Print every line from the start of the data, and when you reach the line with "Núi lửa Sinabung", include it and stop. Pictures are not part of the copy.

Given data:
----------------------------------------

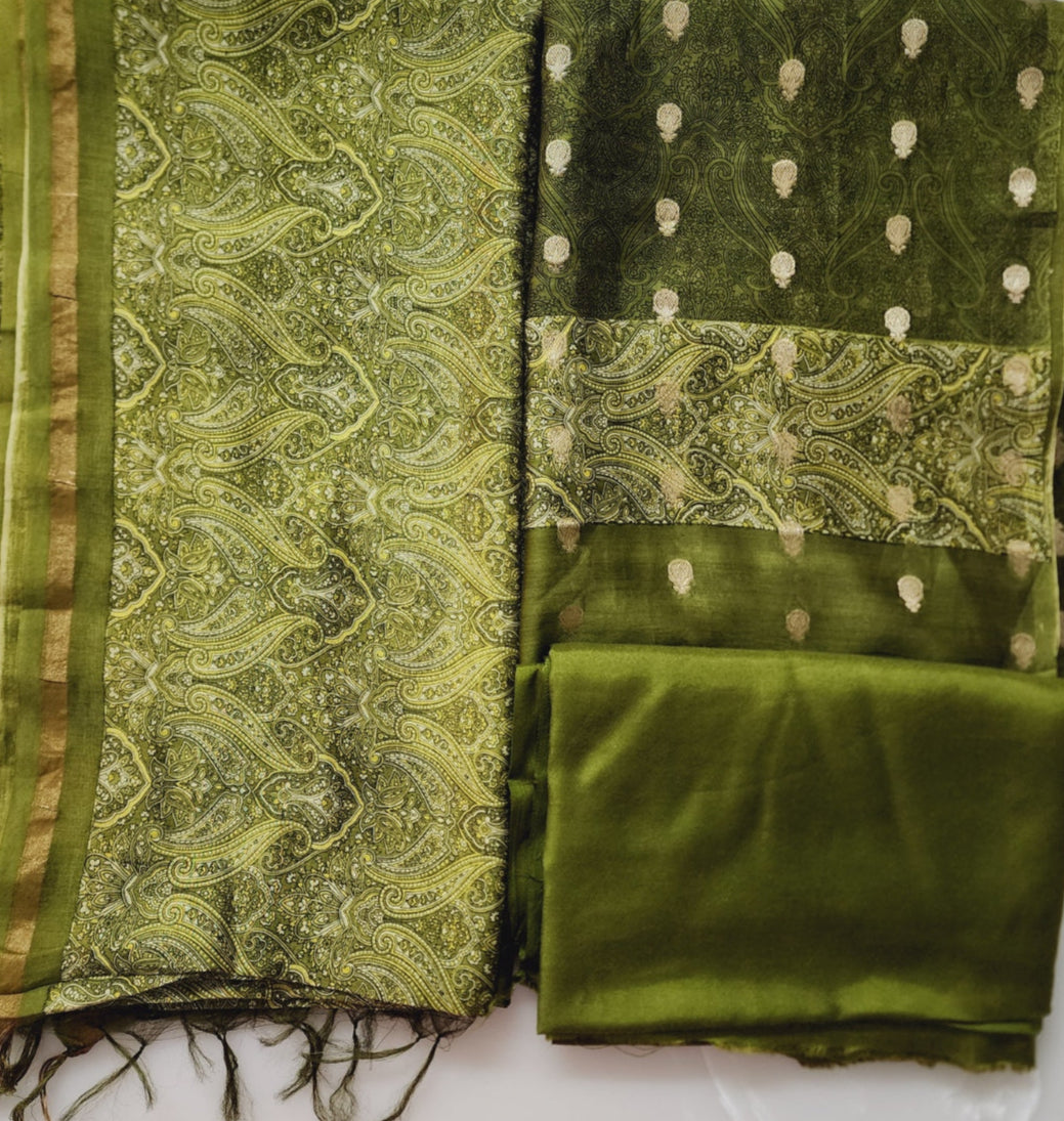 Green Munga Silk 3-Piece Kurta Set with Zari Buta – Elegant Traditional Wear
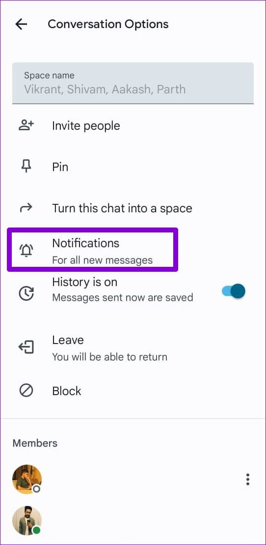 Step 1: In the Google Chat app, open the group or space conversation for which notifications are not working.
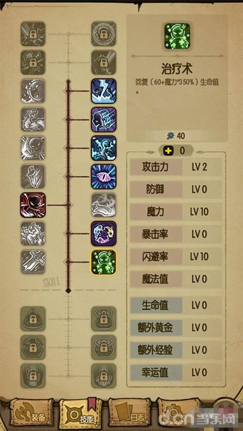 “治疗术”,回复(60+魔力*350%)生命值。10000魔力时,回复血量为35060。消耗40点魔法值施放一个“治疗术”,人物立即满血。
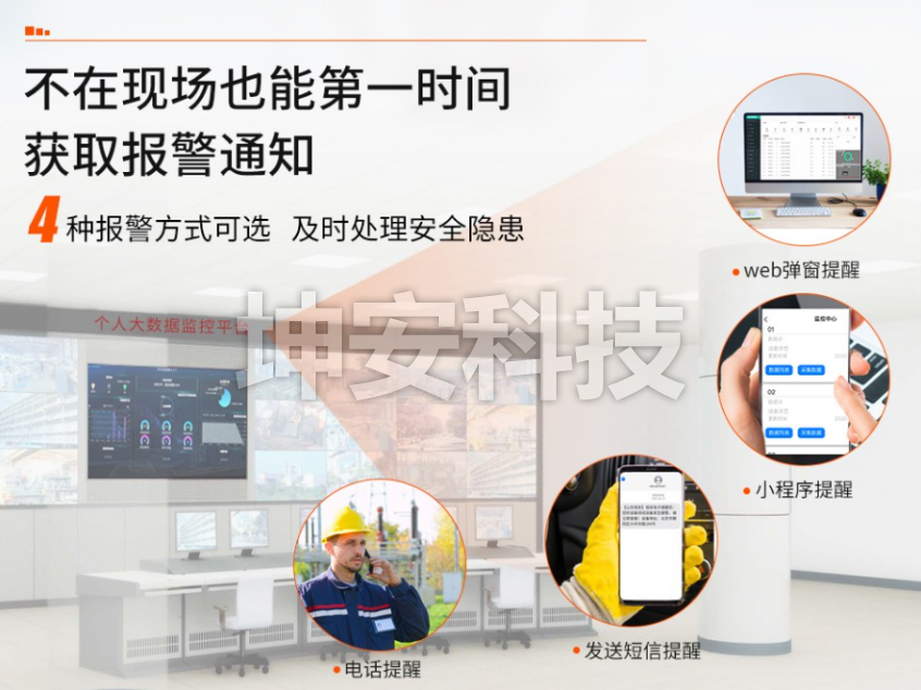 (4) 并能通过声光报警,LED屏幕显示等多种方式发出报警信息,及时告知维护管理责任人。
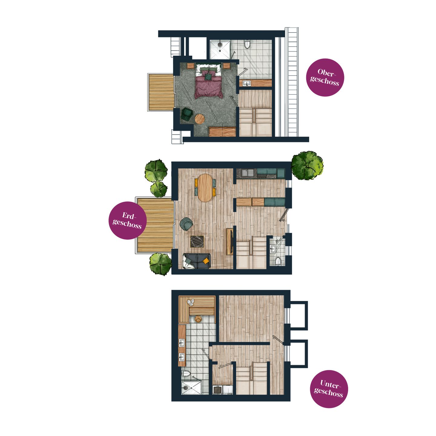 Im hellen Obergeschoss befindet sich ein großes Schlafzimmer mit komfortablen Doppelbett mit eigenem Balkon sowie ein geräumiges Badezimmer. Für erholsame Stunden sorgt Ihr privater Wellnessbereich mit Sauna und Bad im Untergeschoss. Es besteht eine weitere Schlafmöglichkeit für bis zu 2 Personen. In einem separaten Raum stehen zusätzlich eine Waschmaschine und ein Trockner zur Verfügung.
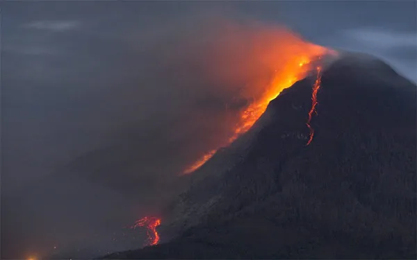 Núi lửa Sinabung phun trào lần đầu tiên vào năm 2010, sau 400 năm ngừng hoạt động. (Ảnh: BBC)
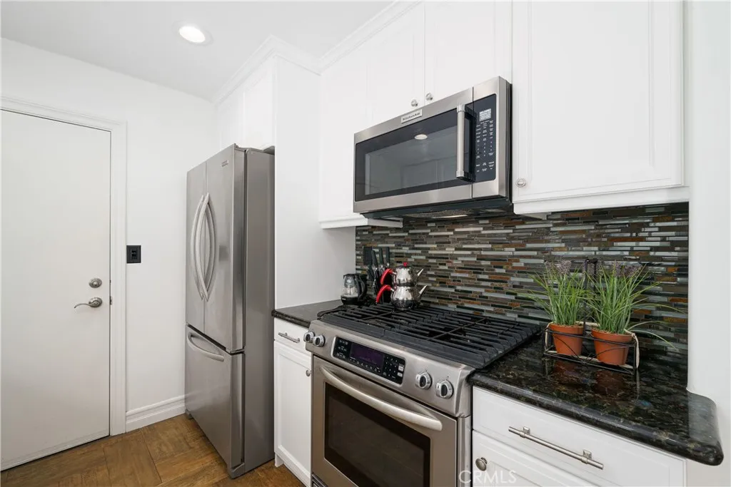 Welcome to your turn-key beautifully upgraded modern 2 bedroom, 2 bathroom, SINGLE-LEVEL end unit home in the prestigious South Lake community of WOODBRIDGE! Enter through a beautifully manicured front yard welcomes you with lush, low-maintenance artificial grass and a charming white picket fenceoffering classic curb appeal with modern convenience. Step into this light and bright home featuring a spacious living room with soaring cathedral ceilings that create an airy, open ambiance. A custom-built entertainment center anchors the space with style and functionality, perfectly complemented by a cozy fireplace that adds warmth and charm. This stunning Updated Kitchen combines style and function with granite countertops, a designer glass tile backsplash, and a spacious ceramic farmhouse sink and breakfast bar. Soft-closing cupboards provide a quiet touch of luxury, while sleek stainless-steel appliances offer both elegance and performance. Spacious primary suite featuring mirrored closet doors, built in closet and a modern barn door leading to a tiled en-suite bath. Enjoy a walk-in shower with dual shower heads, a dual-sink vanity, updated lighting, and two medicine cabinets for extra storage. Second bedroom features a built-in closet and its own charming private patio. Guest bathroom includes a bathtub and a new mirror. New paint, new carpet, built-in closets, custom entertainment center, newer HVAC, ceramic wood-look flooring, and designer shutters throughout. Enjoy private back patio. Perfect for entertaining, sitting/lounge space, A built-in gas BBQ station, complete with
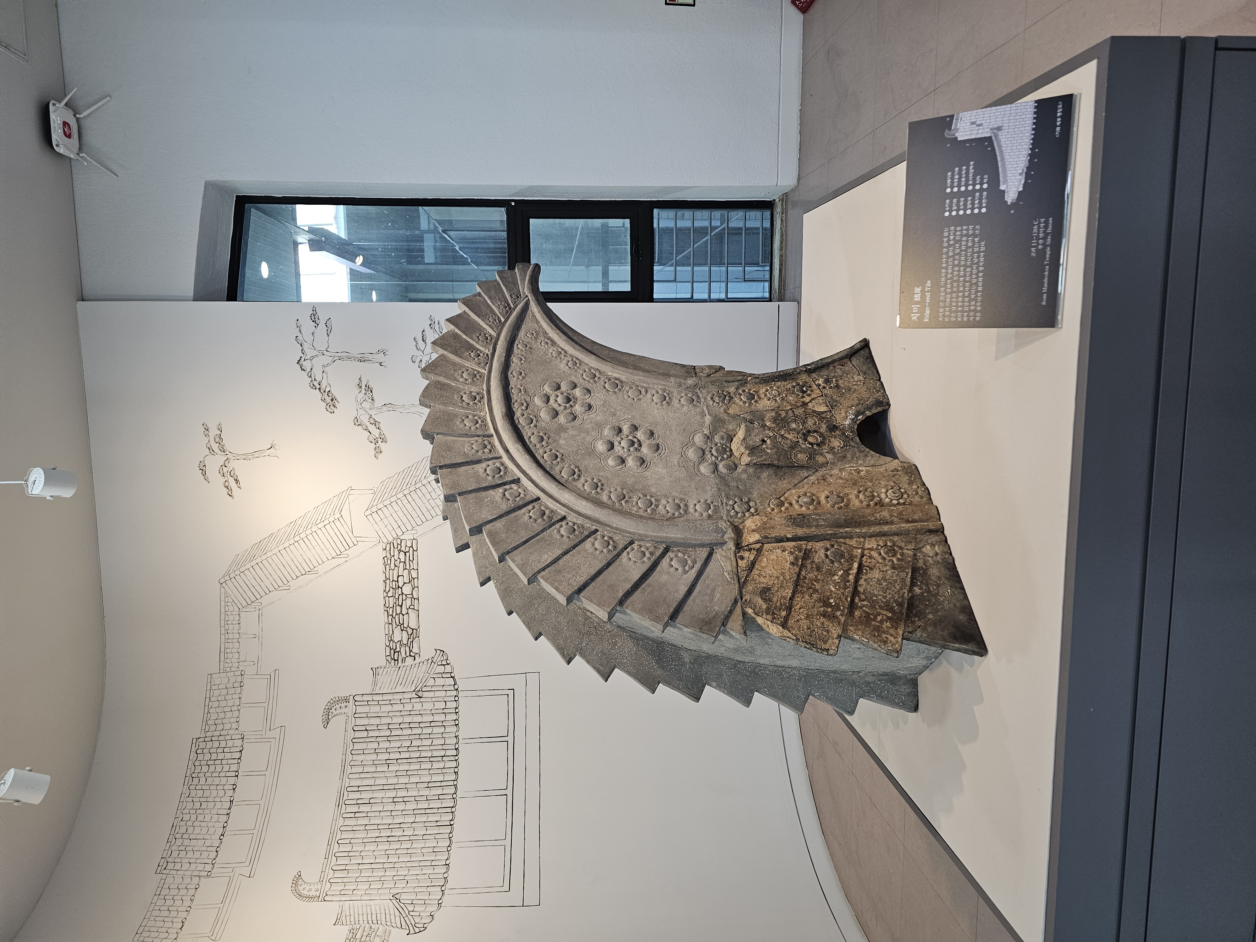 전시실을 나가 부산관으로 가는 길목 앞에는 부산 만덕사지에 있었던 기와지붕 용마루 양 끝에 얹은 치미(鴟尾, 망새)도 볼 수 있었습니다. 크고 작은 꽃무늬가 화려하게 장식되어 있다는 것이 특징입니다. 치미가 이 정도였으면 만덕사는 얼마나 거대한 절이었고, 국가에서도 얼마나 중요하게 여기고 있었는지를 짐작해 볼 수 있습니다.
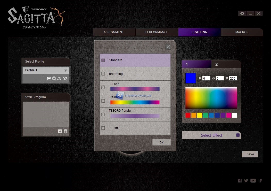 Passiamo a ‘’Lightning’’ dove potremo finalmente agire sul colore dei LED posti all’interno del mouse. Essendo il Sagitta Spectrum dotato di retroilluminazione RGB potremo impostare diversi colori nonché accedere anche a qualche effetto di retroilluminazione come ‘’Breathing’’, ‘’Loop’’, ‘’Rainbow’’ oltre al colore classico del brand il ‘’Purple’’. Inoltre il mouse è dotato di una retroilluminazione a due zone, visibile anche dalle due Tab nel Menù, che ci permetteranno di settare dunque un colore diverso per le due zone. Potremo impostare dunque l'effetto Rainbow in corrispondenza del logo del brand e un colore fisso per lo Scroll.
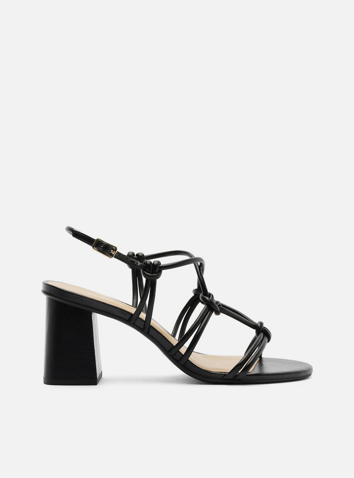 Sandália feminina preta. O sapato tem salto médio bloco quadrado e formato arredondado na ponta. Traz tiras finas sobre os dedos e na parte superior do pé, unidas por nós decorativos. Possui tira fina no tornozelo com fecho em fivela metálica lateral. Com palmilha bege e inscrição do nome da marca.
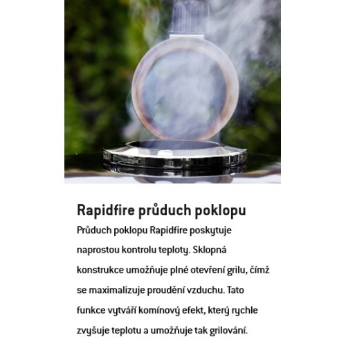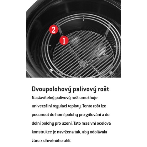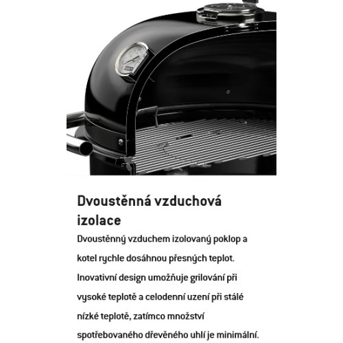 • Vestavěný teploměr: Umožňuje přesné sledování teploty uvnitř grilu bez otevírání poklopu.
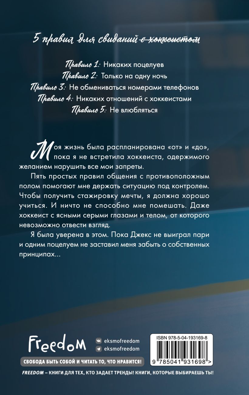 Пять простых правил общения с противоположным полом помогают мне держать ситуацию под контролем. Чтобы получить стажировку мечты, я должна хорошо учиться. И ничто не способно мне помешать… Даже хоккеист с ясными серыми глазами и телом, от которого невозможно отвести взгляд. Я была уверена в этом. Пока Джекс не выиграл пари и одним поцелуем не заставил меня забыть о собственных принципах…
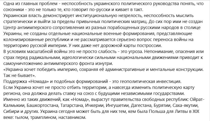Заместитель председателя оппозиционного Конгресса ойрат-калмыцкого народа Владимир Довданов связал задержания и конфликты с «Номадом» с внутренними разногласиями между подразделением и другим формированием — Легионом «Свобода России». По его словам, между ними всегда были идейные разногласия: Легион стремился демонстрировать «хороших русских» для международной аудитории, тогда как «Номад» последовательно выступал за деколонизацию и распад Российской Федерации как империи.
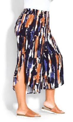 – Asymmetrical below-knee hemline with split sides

----------------------------------------

Written answer:
 Green Munga Silk 3-Piece Kurta Set with Zari Buta – Elegant Traditional Wear
 Step 1: In the Google Chat app, open the group or space conversation for which notifications are not working.
 “治疗术”,回复(60+魔力*350%)生命值。10000魔力时,回复血量为35060。消耗40点魔法值施放一个“治疗术”,人物立即满血。
 (4) 并能通过声光报警,LED屏幕显示等多种方式发出报警信息,及时告知维护管理责任人。
 Im hellen Obergeschoss befindet sich ein großes Schlafzimmer mit komfortablen Doppelbett mit eigenem Balkon sowie ein geräumiges Badezimmer. Für erholsame Stunden sorgt Ihr privater Wellnessbereich mit Sauna und Bad im Untergeschoss. Es besteht eine weitere Schlafmöglichkeit für bis zu 2 Personen. In einem separaten Raum stehen zusätzlich eine Waschmaschine und ein Trockner zur Verfügung.
 Núi lửa Sinabung phun trào lần đầu tiên vào năm 2010, sau 400 năm ngừng hoạt động. (Ảnh: BBC)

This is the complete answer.